AI_ENGINE_DIR = "/code/tensorrt_llm/tmp/trt_engines/Qwen2-VL-7B-Instruct/fp16/1-gpu"
AI_HF_MODEL_DIR = "/code/tensorrt_llm/Qwen2-VL-7B-Instruct"

AI_MODEL_ARGS = {
    # Required paths
    "engine_dir": AI_ENGINE_DIR,
    "hf_model_dir": AI_HF_MODEL_DIR,

    # Engine names
    "visual_engine_name": "model.engine",
    "audio_engine_name": "model.engine",

    # BATCH PROCESSING - Key change
    "batch_size": 2,  # Process 2 images at once (optimal for L4)

    # Generation parameters
    "max_new_tokens": 450,
    "num_beams": 1,
    "top_k": 5,
    "top_p": 0.95,
    "temperature": 0.7,
    "repetition_penalty": 1.0,

    # Input parameters
    "input_text": None,
    "image_path": None,
    "video_path": None,
    "video_num_frames": None,
    "audio_path": None,
    "path_sep": ",",
    "prompt_sep": ",",
    # Session and memory configuration
    "session": "cpp_llm_only",
    "kv_cache_free_gpu_memory_fraction": 0.85,  # Increased for batching
    "cross_kv_cache_fraction": 0.6,
    "multi_block_mode": True,

    # Feature flags
    "mm_embedding_offloading": None,
    "enable_context_fmha_fp32_acc": False,
    "enable_chunked_context": True,  # Helps with batching

    # Profiling and debugging
    "run_profiling": False,
    "profiling_iterations": 20,
    "check_accuracy": False,
    "debug_mode": False,

    # LoRA
    "lora_task_uids": None,

    # Logging
    "log_level": "info",

    # Token calculation parameters
    "safety_margin": 50,
    "min_new_tokens": 400,
    "force_max_seq_len": None,
}
AI_DEFAULT_PROMPT = (
            "Analyze this image and return JSON with: "
            "title (50-60 chars), description (150-300 chars), long_description (brief, 100-150 words), "
            "keywords (10 terms), primary_subject, secondary_subjects (max 3), "
            "colors (top 4), mood, category, subcategories (max 2), "
            "composition, lighting, setting, alt_text (125 chars), seo_title, "
            "meta_description (150-160 chars), "
            "target_keywords {primary: 3 terms, secondary: 3 terms, long_tail: 2 phrases}, "
            "use_cases (3 max), similar_concepts (3 max). "
            "Output valid JSON only."
)

def test_batch_processing():
    """Test batch processing with multiple images."""
    from tensorrt_llm.runtime import MultimodalModelRunner
    from transformers import AutoTokenizer, Qwen2VLProcessor
    import time

    logger.set_level("info")

    # Multiple images to process
    image_paths = [
        "/code/light/ai/P4280401.webp",
        "/code/light/10.jpg"
    ]

    # Load images
    images = []
    for image_path in image_paths:
        image = Image.open(image_path).convert("RGB")
        images.append(image.resize((504, 504)))

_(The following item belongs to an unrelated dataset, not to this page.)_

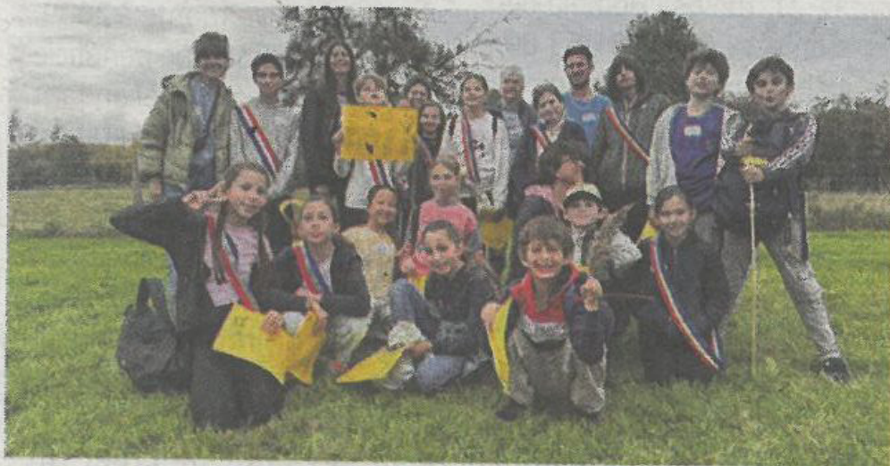
Les conseils municipaux des jeunes au coeur du marais de la Touques. Cœur Côte fleurie

Au cours de cette balade, les jeunes ont découvert la richesse écologique du site. Au menu : « observation et cartographie des plantes et des petits habitants du marais, prise de rôles d'experts, imagination d'un bateau sur l'estuaire de la Touques, et partage de connaissances avec Marie-Pierre de l'association Touques Randonnées, depuis la cabane d'observation des oiseaux », raconte la Communauté de communes Cœur Côte fleurie dans un communiqué. Par ailleurs, ils ont également « inventé des histoires inspirées du lieu, avant de réaliser une restitution collective » et un binôme de participants

    # Same prompt for all (or different prompts per image)
    prompts = [AI_DEFAULT_PROMPT] * len(images)

    # Process inputs
    processor = Qwen2VLProcessor.from_pretrained(AI_MODEL_ARGS["hf_model_dir"])
    tokenizer = AutoTokenizer.from_pretrained(AI_MODEL_ARGS["hf_model_dir"])
    inputs = processor(text=prompts, images=images, return_tensors="pt")

    # Calculate max_new_tokens
    max_seq_len = get_max_seq_len(AI_MODEL_ARGS["engine_dir"])
    max_new_tokens = min(
        calculate_max_new_tokens(
            inputs.input_ids, max_seq_len,
            AI_MODEL_ARGS["safety_margin"],
            AI_MODEL_ARGS["min_new_tokens"]
        ),
        450
    )
    logger.info(f"Processing batch of {len(images)} images")
    logger.info(f"Input tokens per image: ~{len(inputs.input_ids[0]) // len(images)}")
    logger.info(f"Max new tokens: {max_new_tokens}")

    # Initialize model
    model = MultimodalModelRunner(Namespace(**AI_MODEL_ARGS))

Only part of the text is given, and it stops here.